Heute habe ich von einer aktuellen (Mai 2009) spannenden Studie der Universität St. Gallen gelesen. Danach hat es im Crashjahr 2008 deutliche Vermögensverluste der DAX 30 Konzerne gegeben. Alle DAX 30 Konzerne zusammengenommen hätten (!) danach Verluste von 43,4 Milliarden Euro zu verbuchen. Diese Verluste errechnen sich unter anderem aus den deutlichen Kurseinbrüchen bei Wertpapieren.
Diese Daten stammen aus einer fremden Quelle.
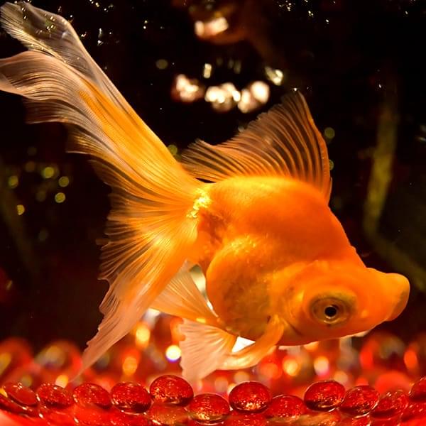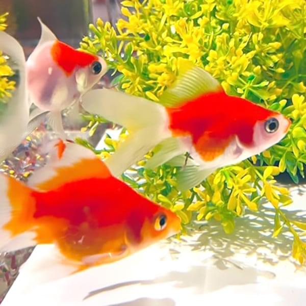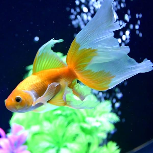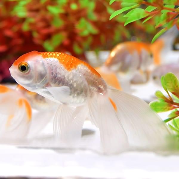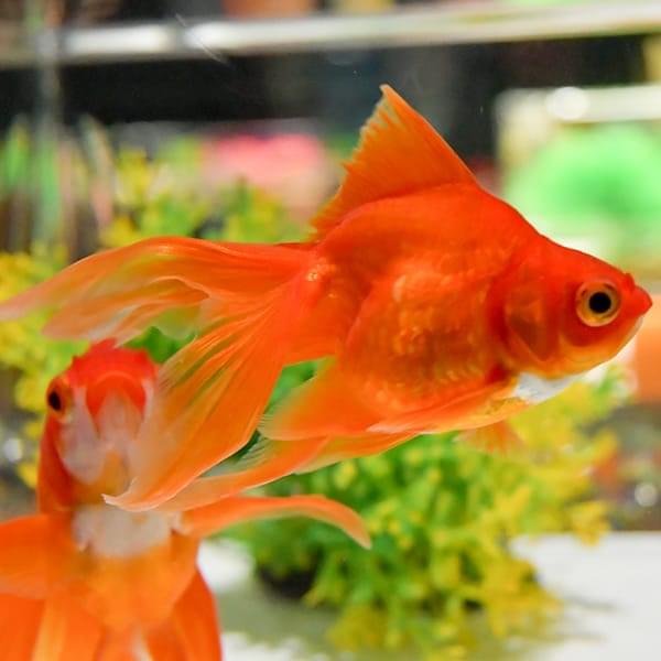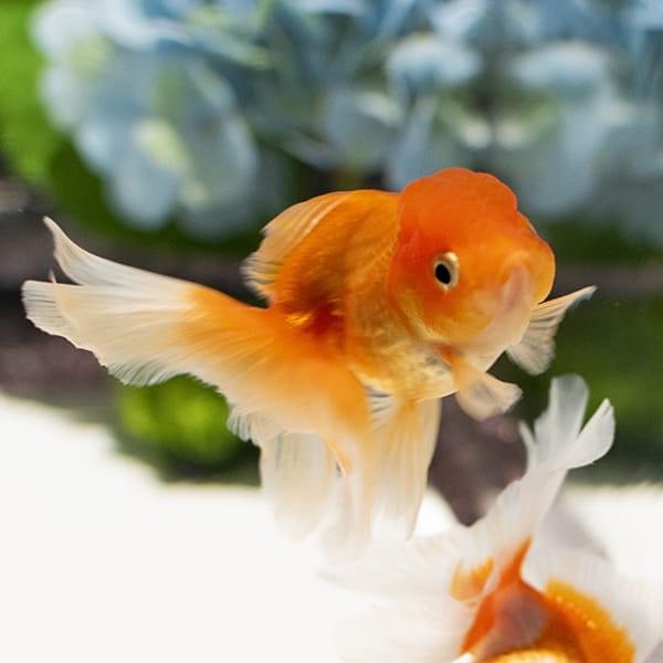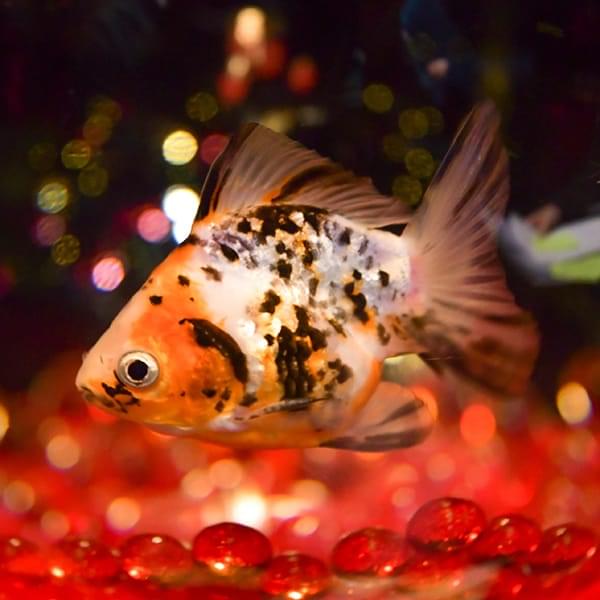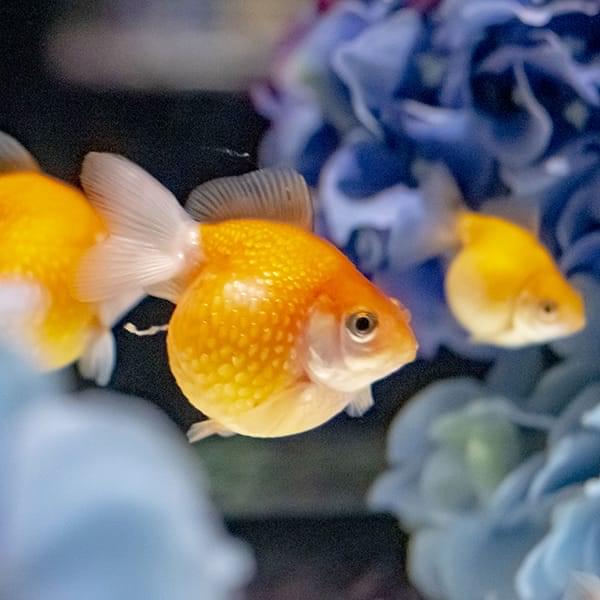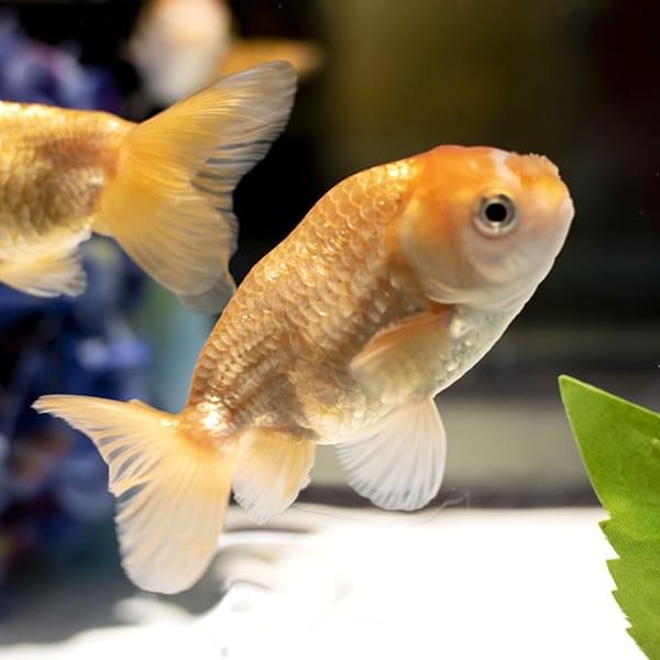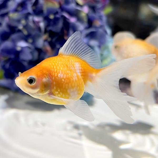 丸いフォルムと優雅な長い尾を持つ、金魚の代表的な種類です。日本では江戸時代から愛されており、金魚といえば最初にこの琉金の姿をイメージする人も多いのではないでしょうか。
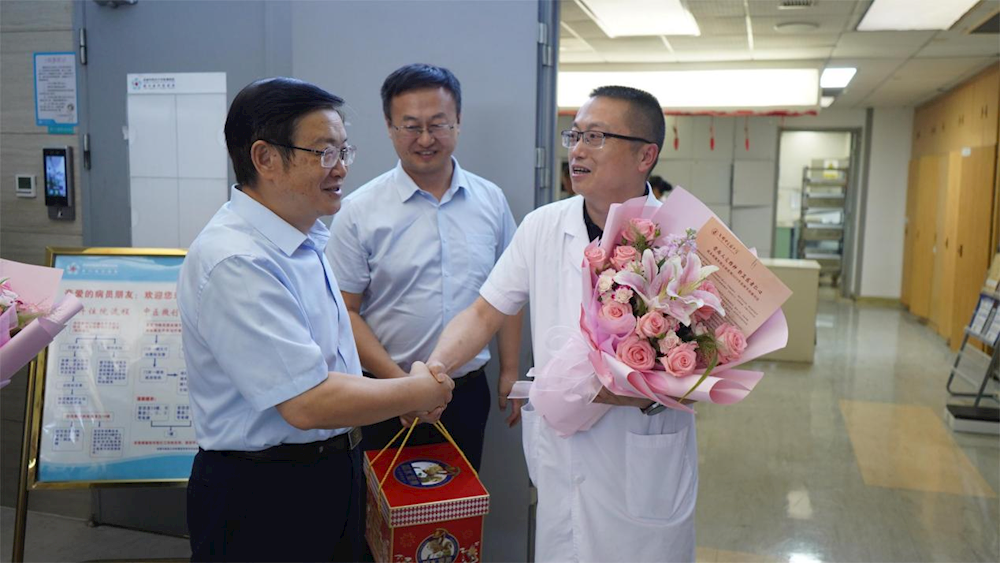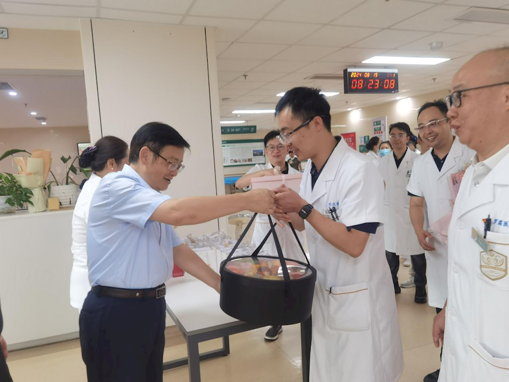 校领导每到一处,与医务工作者亲切交谈,听取医院和科室建设发展情况,为他们送上鲜花及慰问品,向医师们致以崇高敬意。医者济世,师者育人。为医,医师们除疴疗疾,悬壶济世。为师,医师们言传身教,立德树人,于教育教学孜孜不倦,于科学研究锐意进取,为学校附属医院体系的蓬勃发展注入了强劲动力。校领导在看望慰问中希望各附属医院医务工作者担负使命,勇毅前行,继续发扬成中医精神,不懈努力,推动学校提速建设“奋进、幸福、美丽、仁爱”的成中医风格的世界一流中医药大学,全心全意投身到为人民健康服务的伟大实践,不断谱写新时代卫生健康事业高质量发展的新篇章!

Die im  DAX 30 notierten Unternehmen „hätten“ diese Verluste in der Gewinn- und Verlustrechnung der Bilanzen zu verbuchen, habe ich geschrieben. Und hätten sie dieses getan,  hätten die DAX 30 Konzerne für das Jahr 2008 statt der ausgewiesenen Gewinne von zusammen 28,9 Milliarden Euro Verluste von 13,4 Milliarden Euro ausweisen müssen.

Sie „hätten“ – sie haben aber nicht. Die DAX 30 Konzerne haben stattdessen die bilanzfreundlichen Rechnungslegungsvorschriften, die International Financial Reporting Standards (IFRS), genutzt. „Rechnen, schieben, kürzen“ titelte die Süddeutsche Zeitung bereits am 31.10.08 angesichts der neuen Gestaltungs- und Entlastungsmöglichkeiten, die diese neuen Bilanzregeln den DAX 30 Unternehmen bieten. Und teure Fachseminare werben mit „Nutzen auch Sie die neuen Spielräume“. Gemeint sind die bilanzfreundlichen Rechnungslegungsvorschriften, die IFRS.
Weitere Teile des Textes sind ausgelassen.